Теперь оставалось ждать – или удара по затылку, или готовности противной стороны в лице Вики пойти на переговоры. Я немного все же рисковал – вокруг, как назло, не было ни одной живой души. А что, если Вика и в самом деле наемный убийца, хитрый и осторожный? Сейчас и узнаем. Я не оглядывался по сторонам и не смотрел назад, плыл себе потихоньку, стараясь выглядеть непринужденно, словно кот, намеревающийся красть хозяйскую сметану. А спине, однако, было неприятно и холодно. Как если стоять у пропасти, отвернувшись, и знать, что за тобой ничегошеньки нет, кроме смертельной пустоты. Но напрягался я напрасно, Вика скоро догнала меня. Да я и не спешил.
– Ты знаешь, что я работаю на агентство? – робко, заплыв сбоку, спросила Вика.
– Теперь знаю. «Элит-конфиденс», столичная контора. Письмо пришло Нике, а получил я. – Больше не сказал ничего, поплыл аккуратным брассом дальше.
– И что будешь делать дальше? Расскажешь все Талдыкину? – жалко усмехаясь, поинтересовалась Вика.
Она явно была глупа, какой из нее киллер. Меня отпустило, хотя теперь все стало еще непонятнее.
– Талдыкину – вряд ли, – честно признался я. – А вот инспектору Дуэро наверняка. Тебя предупреждаю, чтобы после не попрекала: почему не предупредил. Сама понимаешь, таить подобную информацию от следствия нехорошо. Тем более, Ника был моим другом… – Я многозначительно замолчал, будто бы продолжая фразу в уме: «А ты, Вика, мне никто».
– Лешенька, то есть, Алексей Львович, замолвите за меня словечко! – Вика обогнала меня и теперь заглядывала в лицо. (Уж я стал и Алексей Львович.) – Я вам все, как на исповеди, расскажу.
Блеснула и слеза, наверное, напугалась девушка не на шутку. И я сжалился.
– Вика, вы неправильно меня поняли. Я вовсе не намеревался выставлять вас в таком свете, будто вы убийца и черт знает кто. Но и вы должны мне все рассказать. Никому больше можете не говорить, но мне – должны, – строго сказал я, как на экзамене нерадивой студентке. – Кто вас нанял и послал сюда. А главное – зачем?
– Это все мадам Талдыкина, – боязливо, но и не слишком уважительно, отозвалась Вика. – Она меня сама отобрала из всех кандидаток. В нашем агентстве, знаете ли, случаются иногда задания, что не очень приятно выполнять. Но служба такая.
Вика сказала о службе, чтобы я, упаси бог, не приравнял ее к обычным, пусть и недешевым проституткам, а увидел бы в ней чуть ли не подругу Джеймса Бонда. Что ж, если это польстит ее тщеславию, мне не жалко. Хотя большой разницы между ней и просто девицей по вызову я не разглядел.

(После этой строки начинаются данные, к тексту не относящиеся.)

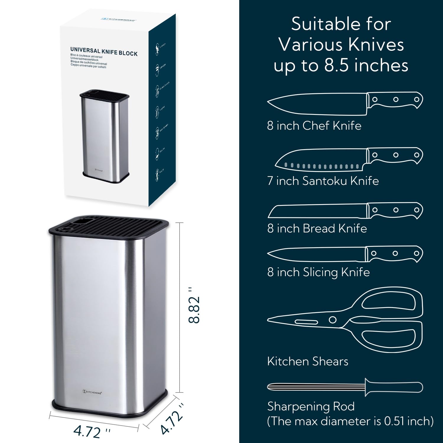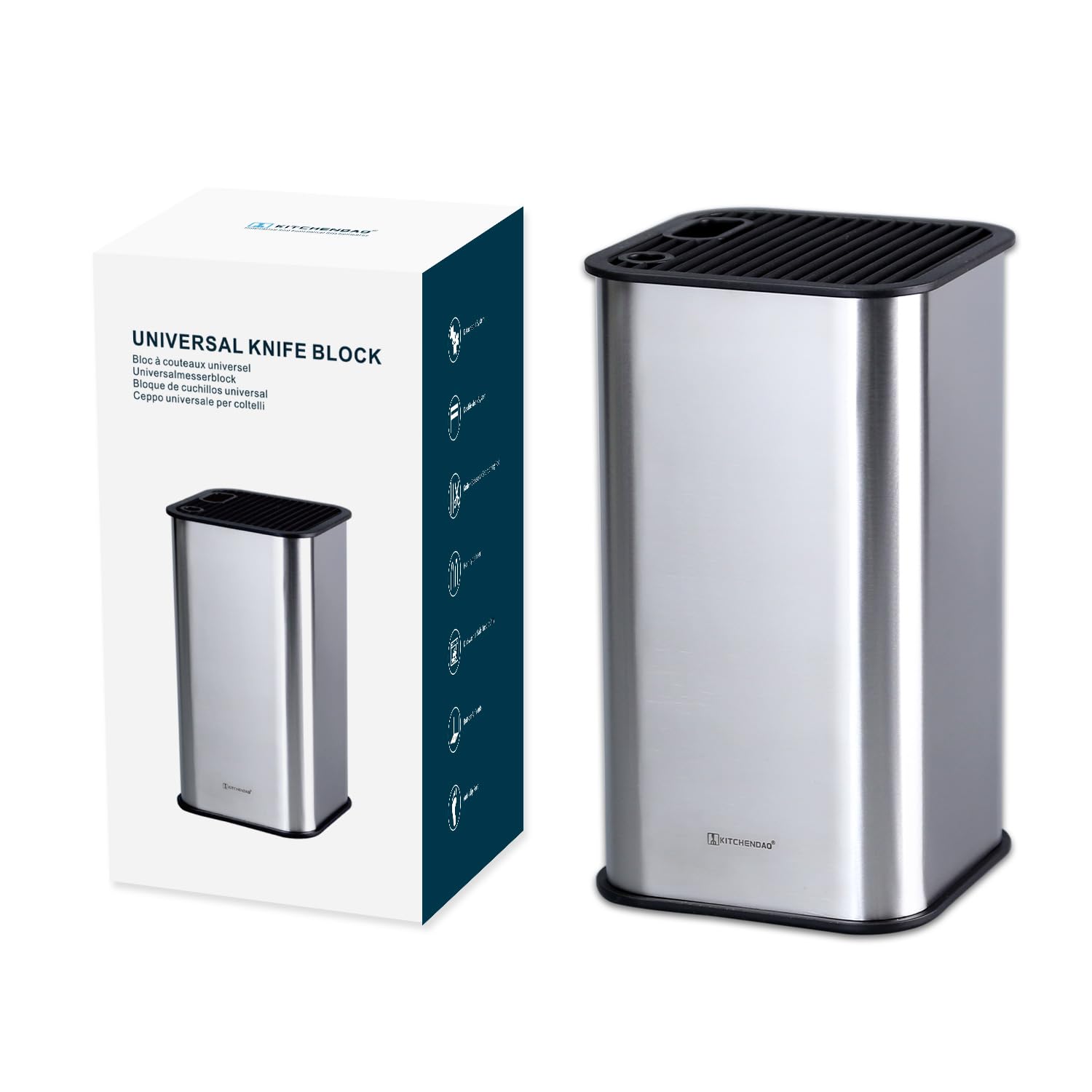 KITCHENDAO Edelstahl-Messerblock mit Schlitzen für Schere und Schärfstab - abnehmbar für einfache Reinigung und einzigartiges Schlitzdesign zum Schutz der Klinge

– И что же поручила вам мадам Талдыкина? – в тон Вике спросил я, как бы согласившись с благородным статусом ее работы. Прозвучало по-деловому, точно в офисе договариваются два партнера о лучших условиях продажи кафельной плитки.
– То же, что и все. Познакомиться. Соблазнить. Добыть компромат. С Юрием Петровичем было несложно. У меня уже два цифровых картриджа лежат в чемодане. Половину – хоть на порносайт… Вообще-то он дядька не злой, – с откровенным сожалением призналась Вика. Она и сама бы не отказалась от такого, как Юрасик.
– А вам не показалось странным, милая барышня, что этот, скажем… гм-э-э… заказ вы получили именно от мадам Талдыкиной?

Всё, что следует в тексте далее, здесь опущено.